Again, Sister Simone could be counted on to correct the bishop, telling Independent Catholic News:

“I know President Biden is a man of faith. ... He not only studies Catholic social teaching, but also strives to live it in his actions. No one, even a bishop, should attack a fellow Christian or disparage that Christian’s faith.”

So, like the president, Sister Simone continues to proclaim her own version of Catholic teaching, even presuming to interpret the words of Pope Francis and Jesus himself, while hiding behind the disguise of social justice.

Consequently, she has become the go-to religious sister for media looking for a “Catholic” voice to counter the teaching authority of the Catholic Church.

Her rationale for this distorted moral reasoning was explained in a published report this way: “Campbell said politicians and voters — after informing their consciences — need to make ‘prudential judgments’ about how to apply the church’s teaching to politics. So do sisters.”
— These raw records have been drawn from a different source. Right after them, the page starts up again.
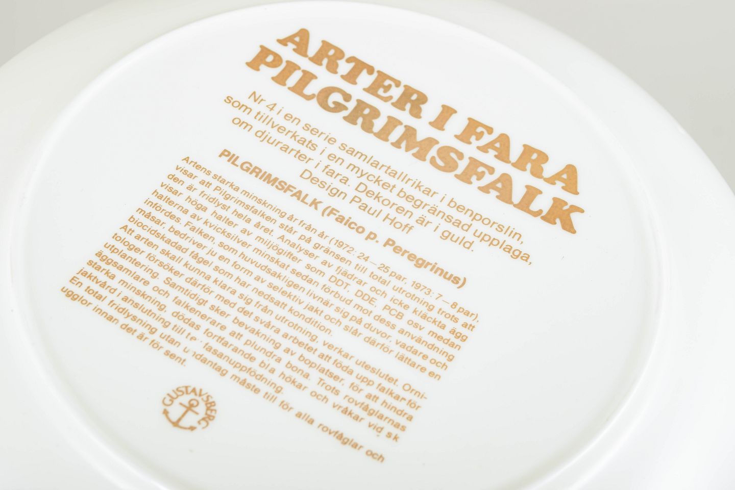During the 1980s, Gustavsberg introduced the “Arter i fara” series to highlight endangered species through decorative collector’s plates. The series is characterised by precise graphic wildlife imagery combined with informative text, and its relatively limited production has made it sought after among collectors of Swedish porcelain.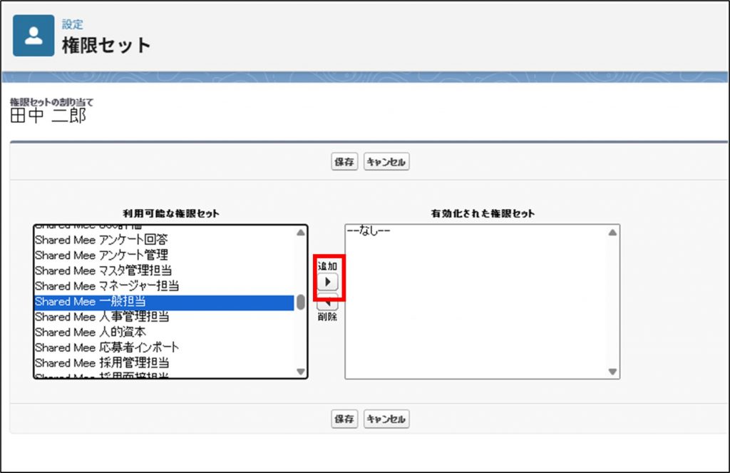 ⑤利用可能な権限セットの一覧から追加する権限セットを選択して、「追加」ボタンをクリックします。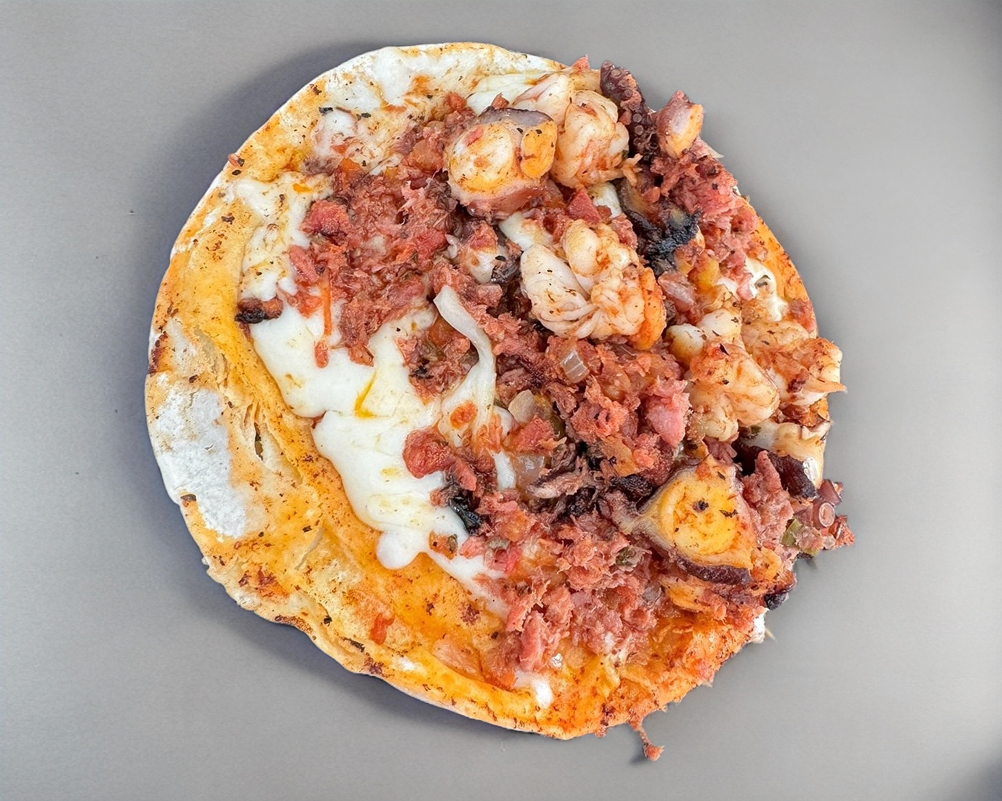 Tortilla de maíz con camarón y pulpo acompañado con la salsa de la casa, queso Monterrey Jack, salsa mexicana, repollo, crema y aderezo.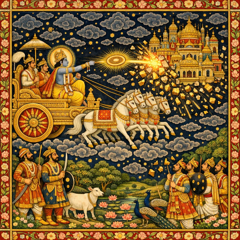 Sudarśana represents the Lord’s irresistible sovereignty that ends demoniac aggression and dissolves magical protections. The comparison to Indra beheading Vṛtra underscores a cosmic pattern: divine authority reestablishes order when adharma becomes violent and deceptive. Narratively, it concludes the Saubha terror and opens the next arc, as Dantavakra arrives seeking vengeance.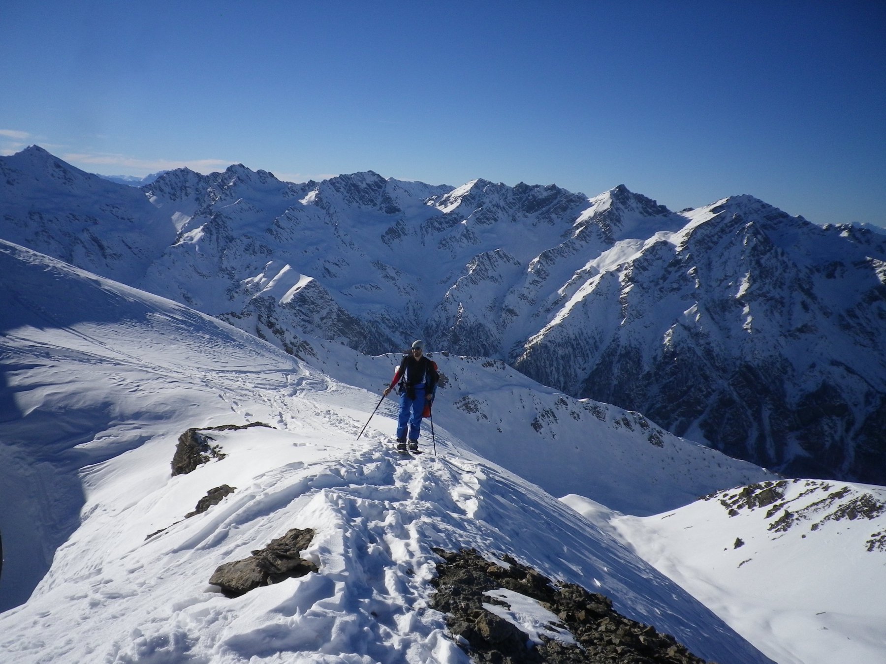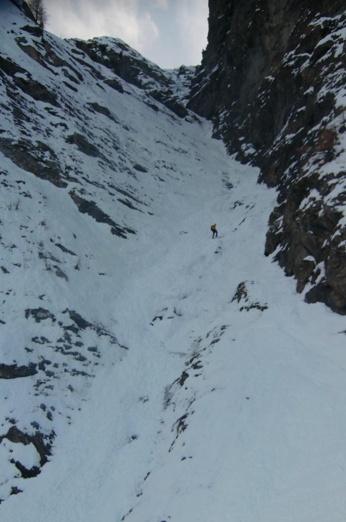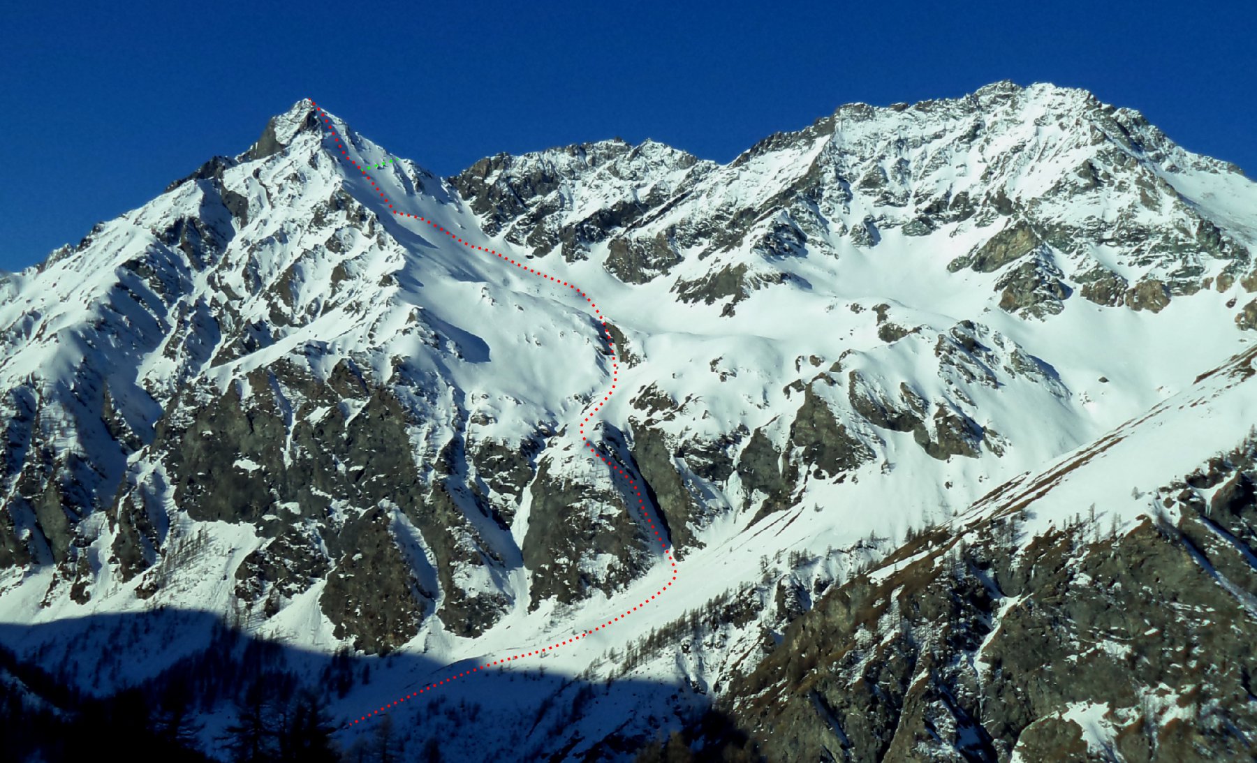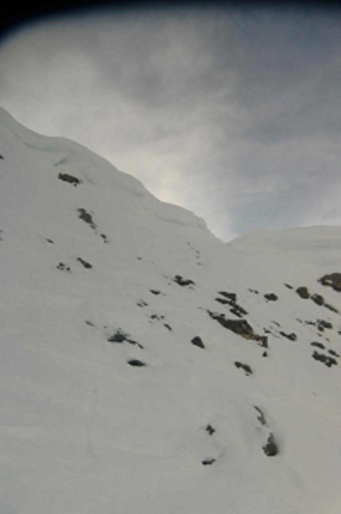 In discesa prestare attenzione ai primi metri che a causa della azione del vento possono diventare molto ripidi anche oltre i 45°.

Obviously, Sister Simone enjoys her “rock star” status, as well as the public persona of being a vowed religious, even claiming at times that she speaks for the majority of Catholic sisters. However, she seems to have little regard for the duties of a vowed religious that are set out in the Church’s Code of Canon Law.

One of those duties (Canon 678) is for religious men and women to be “subject to the authority of bishops” in matters that involve the care of souls, the public exercise of divine worship and works of the apostolate.

Thus, this question looms large: Why are Sister Simone’s religious superiors and other Church authorities allowing her to mislead souls and reject the authority of bishops as she vows to continue practicing her “mischief?”